Task instructions: Every line of the material below should be output exactly as written, with the images skipped.

Collected data:
=== Begin Enclosure ===

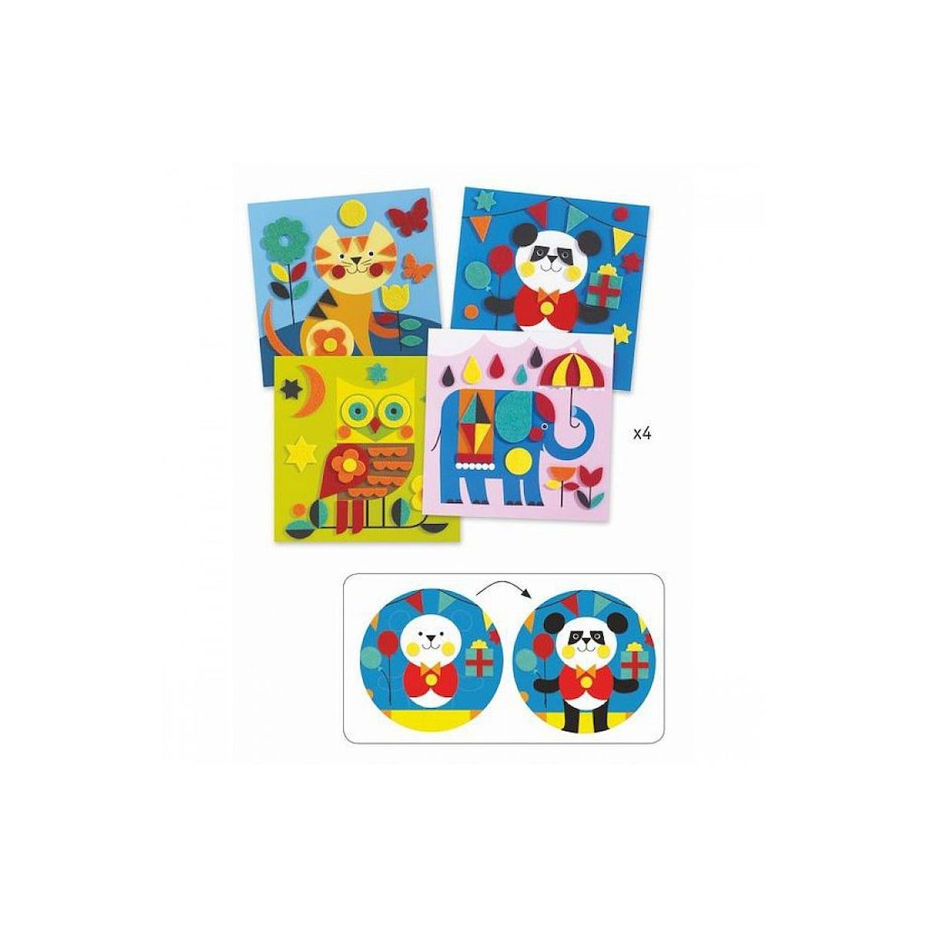 Découvrez les tableaux de feutrine douces créatures de Djeco, une activité de collage avec de la feutrine colorés autocollantes pour les enfants de 3 à 6 ans. Un loisir créatif à réaliser pas à pas avec des pièces de feutrine prédécoupées et autocollantes à utiliser comme des gommettes. 4 jolis ta
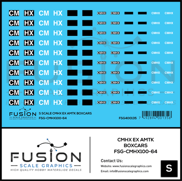 S Scale CMHX Ex Amtrak Boxcars Decal Set
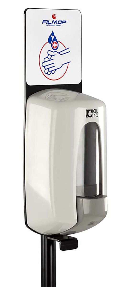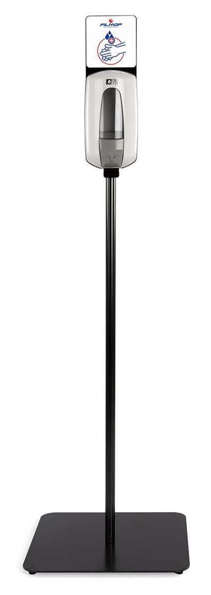 Ensemble de désinfection manuel, support stable en métal laqué avec distributeur JOLLY LINE intégré, pour un point d’hygiène prêt à l’emploi.
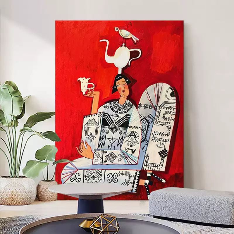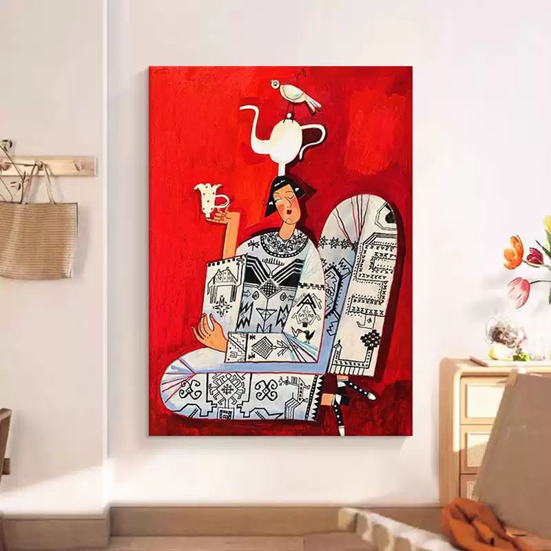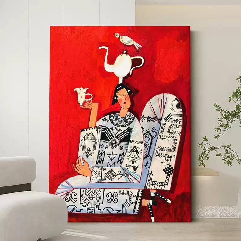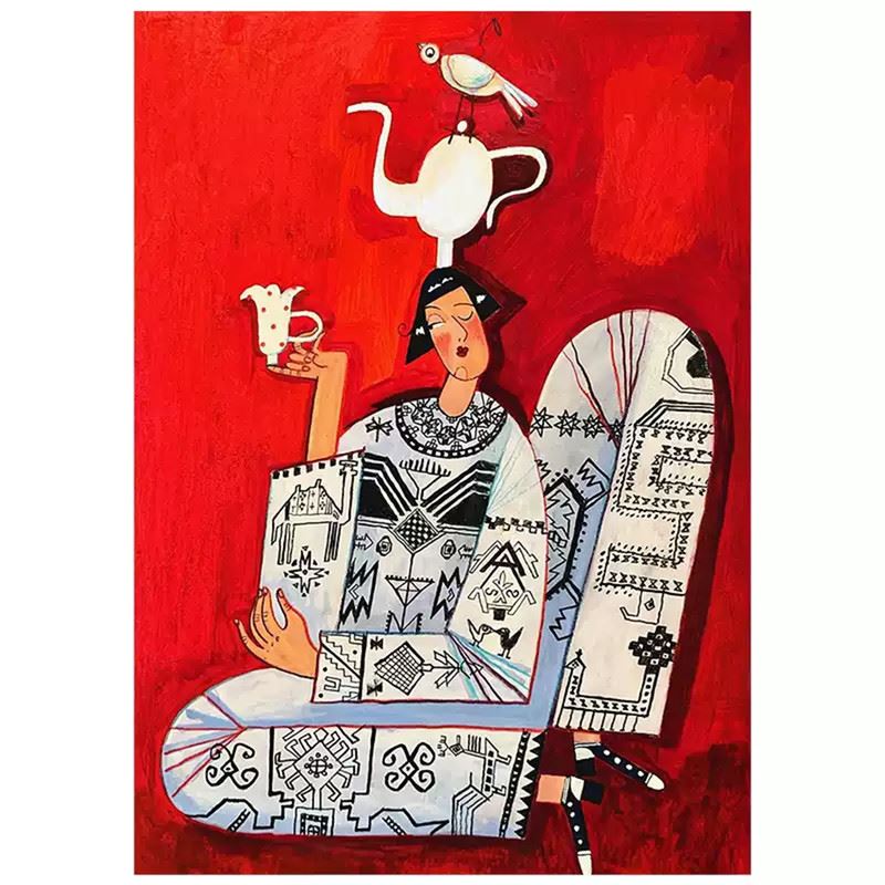 This artwork portrays a whimsical character in a moment of serene balance, surrounded by intricate patterns. The woman sits comfortably, holding a cup, while a teapot and a bird rest atop her head, creating a playful yet harmonious scene. The bold red background adds vibrancy, complementing the detailed black-and-white designs of her attire. This piece blends simplicity and complexity, offering a visual interpretation of peaceful equilibrium. Dimensions: 28 x 39 inches.

=== End Enclosure ===

Answer below:
 Découvrez les tableaux de feutrine douces créatures de Djeco, une activité de collage avec de la feutrine colorés autocollantes pour les enfants de 3 à 6 ans. Un loisir créatif à réaliser pas à pas avec des pièces de feutrine prédécoupées et autocollantes à utiliser comme des gommettes. 4 jolis ta
 S Scale CMHX Ex Amtrak Boxcars Decal Set
 Ensemble de désinfection manuel, support stable en métal laqué avec distributeur JOLLY LINE intégré, pour un point d’hygiène prêt à l’emploi.
 This artwork portrays a whimsical character in a moment of serene balance, surrounded by intricate patterns. The woman sits comfortably, holding a cup, while a teapot and a bird rest atop her head, creating a playful yet harmonious scene. The bold red background adds vibrancy, complementing the detailed black-and-white designs of her attire. This piece blends simplicity and complexity, offering a visual interpretation of peaceful equilibrium. Dimensions: 28 x 39 inches.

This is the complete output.